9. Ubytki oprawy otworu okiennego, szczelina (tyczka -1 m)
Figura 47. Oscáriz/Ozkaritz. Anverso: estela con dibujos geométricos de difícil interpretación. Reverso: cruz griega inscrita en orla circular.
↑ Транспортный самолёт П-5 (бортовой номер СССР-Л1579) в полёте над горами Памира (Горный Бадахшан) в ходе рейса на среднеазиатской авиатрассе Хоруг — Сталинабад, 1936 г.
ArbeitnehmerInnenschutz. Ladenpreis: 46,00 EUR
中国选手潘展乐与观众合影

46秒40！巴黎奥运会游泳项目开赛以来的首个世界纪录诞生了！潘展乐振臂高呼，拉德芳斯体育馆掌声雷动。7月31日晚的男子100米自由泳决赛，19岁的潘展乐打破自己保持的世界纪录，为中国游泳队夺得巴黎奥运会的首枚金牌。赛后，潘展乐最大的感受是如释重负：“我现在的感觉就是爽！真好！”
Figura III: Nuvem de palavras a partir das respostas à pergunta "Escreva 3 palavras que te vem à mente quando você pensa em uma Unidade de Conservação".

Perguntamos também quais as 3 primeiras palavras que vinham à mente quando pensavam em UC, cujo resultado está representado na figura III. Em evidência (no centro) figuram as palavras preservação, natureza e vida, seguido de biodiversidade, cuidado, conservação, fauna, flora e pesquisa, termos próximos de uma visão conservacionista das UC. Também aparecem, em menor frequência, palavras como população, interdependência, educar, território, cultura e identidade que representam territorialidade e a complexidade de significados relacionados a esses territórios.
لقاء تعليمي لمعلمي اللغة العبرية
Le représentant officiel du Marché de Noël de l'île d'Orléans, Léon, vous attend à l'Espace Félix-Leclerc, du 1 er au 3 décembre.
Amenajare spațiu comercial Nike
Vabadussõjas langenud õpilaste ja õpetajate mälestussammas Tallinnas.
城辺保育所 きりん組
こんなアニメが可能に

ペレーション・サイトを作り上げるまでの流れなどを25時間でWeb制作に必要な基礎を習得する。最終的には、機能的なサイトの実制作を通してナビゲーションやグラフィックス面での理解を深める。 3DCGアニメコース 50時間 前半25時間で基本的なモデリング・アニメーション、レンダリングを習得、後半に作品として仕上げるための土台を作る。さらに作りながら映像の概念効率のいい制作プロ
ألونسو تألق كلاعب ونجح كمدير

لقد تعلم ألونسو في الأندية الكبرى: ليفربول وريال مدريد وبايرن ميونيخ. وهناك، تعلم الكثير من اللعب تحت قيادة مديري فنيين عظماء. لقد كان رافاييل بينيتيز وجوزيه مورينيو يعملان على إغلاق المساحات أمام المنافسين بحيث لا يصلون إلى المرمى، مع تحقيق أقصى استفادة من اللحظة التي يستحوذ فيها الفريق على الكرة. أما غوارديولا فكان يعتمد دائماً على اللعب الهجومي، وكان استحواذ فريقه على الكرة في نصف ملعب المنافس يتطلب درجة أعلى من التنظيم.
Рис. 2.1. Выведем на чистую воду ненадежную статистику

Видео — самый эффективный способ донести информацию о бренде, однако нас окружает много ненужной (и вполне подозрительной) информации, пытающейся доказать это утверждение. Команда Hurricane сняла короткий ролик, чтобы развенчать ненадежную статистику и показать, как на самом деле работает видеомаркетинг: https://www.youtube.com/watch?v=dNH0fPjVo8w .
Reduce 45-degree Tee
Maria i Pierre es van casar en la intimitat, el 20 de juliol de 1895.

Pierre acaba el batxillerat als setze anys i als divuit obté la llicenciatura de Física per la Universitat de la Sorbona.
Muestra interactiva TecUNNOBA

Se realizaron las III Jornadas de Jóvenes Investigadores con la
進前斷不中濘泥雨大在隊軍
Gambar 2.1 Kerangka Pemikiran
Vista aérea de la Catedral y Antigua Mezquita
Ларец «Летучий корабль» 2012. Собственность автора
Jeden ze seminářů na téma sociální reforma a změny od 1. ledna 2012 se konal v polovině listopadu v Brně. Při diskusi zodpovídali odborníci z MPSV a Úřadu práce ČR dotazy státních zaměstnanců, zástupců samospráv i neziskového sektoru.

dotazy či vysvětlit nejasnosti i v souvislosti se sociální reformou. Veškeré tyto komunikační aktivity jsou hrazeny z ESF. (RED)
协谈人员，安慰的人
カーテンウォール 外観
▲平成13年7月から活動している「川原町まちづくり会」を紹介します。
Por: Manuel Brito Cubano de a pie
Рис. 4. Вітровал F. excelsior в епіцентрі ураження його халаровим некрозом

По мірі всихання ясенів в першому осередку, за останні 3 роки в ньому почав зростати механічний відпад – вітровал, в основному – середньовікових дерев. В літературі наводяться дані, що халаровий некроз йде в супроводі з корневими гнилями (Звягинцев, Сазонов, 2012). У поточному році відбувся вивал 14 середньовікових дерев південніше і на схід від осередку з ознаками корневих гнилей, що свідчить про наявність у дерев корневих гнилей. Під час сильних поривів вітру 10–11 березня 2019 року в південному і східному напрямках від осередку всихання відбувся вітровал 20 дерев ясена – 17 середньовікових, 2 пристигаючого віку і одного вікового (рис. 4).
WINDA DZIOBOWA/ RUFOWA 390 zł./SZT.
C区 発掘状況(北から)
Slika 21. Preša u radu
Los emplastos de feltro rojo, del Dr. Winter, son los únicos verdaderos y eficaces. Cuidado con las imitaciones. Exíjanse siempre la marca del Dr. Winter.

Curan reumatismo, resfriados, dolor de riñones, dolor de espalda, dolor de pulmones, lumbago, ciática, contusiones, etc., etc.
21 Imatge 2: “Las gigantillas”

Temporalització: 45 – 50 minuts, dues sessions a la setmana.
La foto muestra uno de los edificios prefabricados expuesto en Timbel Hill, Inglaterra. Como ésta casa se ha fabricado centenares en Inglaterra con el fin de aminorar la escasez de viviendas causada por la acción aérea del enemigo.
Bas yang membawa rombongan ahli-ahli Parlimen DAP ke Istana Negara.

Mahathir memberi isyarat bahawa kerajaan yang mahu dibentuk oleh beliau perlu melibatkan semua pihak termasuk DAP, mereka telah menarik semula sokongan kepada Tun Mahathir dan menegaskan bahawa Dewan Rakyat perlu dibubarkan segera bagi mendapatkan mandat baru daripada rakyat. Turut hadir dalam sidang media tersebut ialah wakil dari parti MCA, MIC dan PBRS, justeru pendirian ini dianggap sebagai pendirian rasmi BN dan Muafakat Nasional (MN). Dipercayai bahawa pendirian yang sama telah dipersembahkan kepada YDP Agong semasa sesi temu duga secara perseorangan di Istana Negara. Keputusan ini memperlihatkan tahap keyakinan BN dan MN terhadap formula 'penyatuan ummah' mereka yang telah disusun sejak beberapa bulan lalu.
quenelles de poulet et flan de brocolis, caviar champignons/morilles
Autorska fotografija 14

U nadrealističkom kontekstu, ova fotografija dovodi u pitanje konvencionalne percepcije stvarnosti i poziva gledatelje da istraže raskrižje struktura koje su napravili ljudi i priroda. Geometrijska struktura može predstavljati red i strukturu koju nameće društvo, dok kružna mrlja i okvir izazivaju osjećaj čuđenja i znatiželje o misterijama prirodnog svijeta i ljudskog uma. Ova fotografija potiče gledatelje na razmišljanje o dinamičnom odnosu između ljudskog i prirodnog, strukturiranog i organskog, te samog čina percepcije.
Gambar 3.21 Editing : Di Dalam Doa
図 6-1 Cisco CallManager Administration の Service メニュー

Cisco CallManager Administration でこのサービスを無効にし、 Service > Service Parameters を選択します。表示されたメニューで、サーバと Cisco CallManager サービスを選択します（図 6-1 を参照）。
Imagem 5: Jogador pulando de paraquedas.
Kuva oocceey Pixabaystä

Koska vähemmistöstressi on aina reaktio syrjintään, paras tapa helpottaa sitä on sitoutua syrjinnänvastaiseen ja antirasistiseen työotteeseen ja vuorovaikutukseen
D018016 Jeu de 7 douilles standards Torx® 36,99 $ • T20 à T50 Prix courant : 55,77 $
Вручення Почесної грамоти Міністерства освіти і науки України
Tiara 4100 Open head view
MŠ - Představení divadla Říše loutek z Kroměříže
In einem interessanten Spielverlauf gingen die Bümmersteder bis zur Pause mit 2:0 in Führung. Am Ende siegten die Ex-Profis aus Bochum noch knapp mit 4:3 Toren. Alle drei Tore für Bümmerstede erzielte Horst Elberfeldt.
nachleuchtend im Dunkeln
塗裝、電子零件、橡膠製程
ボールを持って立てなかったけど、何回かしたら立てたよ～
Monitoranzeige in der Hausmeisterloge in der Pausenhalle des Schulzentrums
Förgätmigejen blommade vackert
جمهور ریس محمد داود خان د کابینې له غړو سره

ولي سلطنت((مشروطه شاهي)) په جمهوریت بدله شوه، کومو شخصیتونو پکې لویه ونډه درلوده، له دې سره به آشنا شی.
________
From the first line of the listing above to the line with "ألونسو تألق كلاعب ونجح كمدير", please transcribe each line exactly, both ends included, and nothing beyond that.

Task response ->
9. Ubytki oprawy otworu okiennego, szczelina (tyczka -1 m)
Figura 47. Oscáriz/Ozkaritz. Anverso: estela con dibujos geométricos de difícil interpretación. Reverso: cruz griega inscrita en orla circular.
↑ Транспортный самолёт П-5 (бортовой номер СССР-Л1579) в полёте над горами Памира (Горный Бадахшан) в ходе рейса на среднеазиатской авиатрассе Хоруг — Сталинабад, 1936 г.
ArbeitnehmerInnenschutz. Ladenpreis: 46,00 EUR
中国选手潘展乐与观众合影

46秒40！巴黎奥运会游泳项目开赛以来的首个世界纪录诞生了！潘展乐振臂高呼，拉德芳斯体育馆掌声雷动。7月31日晚的男子100米自由泳决赛，19岁的潘展乐打破自己保持的世界纪录，为中国游泳队夺得巴黎奥运会的首枚金牌。赛后，潘展乐最大的感受是如释重负：“我现在的感觉就是爽！真好！”
Figura III: Nuvem de palavras a partir das respostas à pergunta "Escreva 3 palavras que te vem à mente quando você pensa em uma Unidade de Conservação".

Perguntamos também quais as 3 primeiras palavras que vinham à mente quando pensavam em UC, cujo resultado está representado na figura III. Em evidência (no centro) figuram as palavras preservação, natureza e vida, seguido de biodiversidade, cuidado, conservação, fauna, flora e pesquisa, termos próximos de uma visão conservacionista das UC. Também aparecem, em menor frequência, palavras como população, interdependência, educar, território, cultura e identidade que representam territorialidade e a complexidade de significados relacionados a esses territórios.
لقاء تعليمي لمعلمي اللغة العبرية
Le représentant officiel du Marché de Noël de l'île d'Orléans, Léon, vous attend à l'Espace Félix-Leclerc, du 1 er au 3 décembre.
Amenajare spațiu comercial Nike
Vabadussõjas langenud õpilaste ja õpetajate mälestussammas Tallinnas.
城辺保育所 きりん組
こんなアニメが可能に

ペレーション・サイトを作り上げるまでの流れなどを25時間でWeb制作に必要な基礎を習得する。最終的には、機能的なサイトの実制作を通してナビゲーションやグラフィックス面での理解を深める。 3DCGアニメコース 50時間 前半25時間で基本的なモデリング・アニメーション、レンダリングを習得、後半に作品として仕上げるための土台を作る。さらに作りながら映像の概念効率のいい制作プロ
ألونسو تألق كلاعب ونجح كمدير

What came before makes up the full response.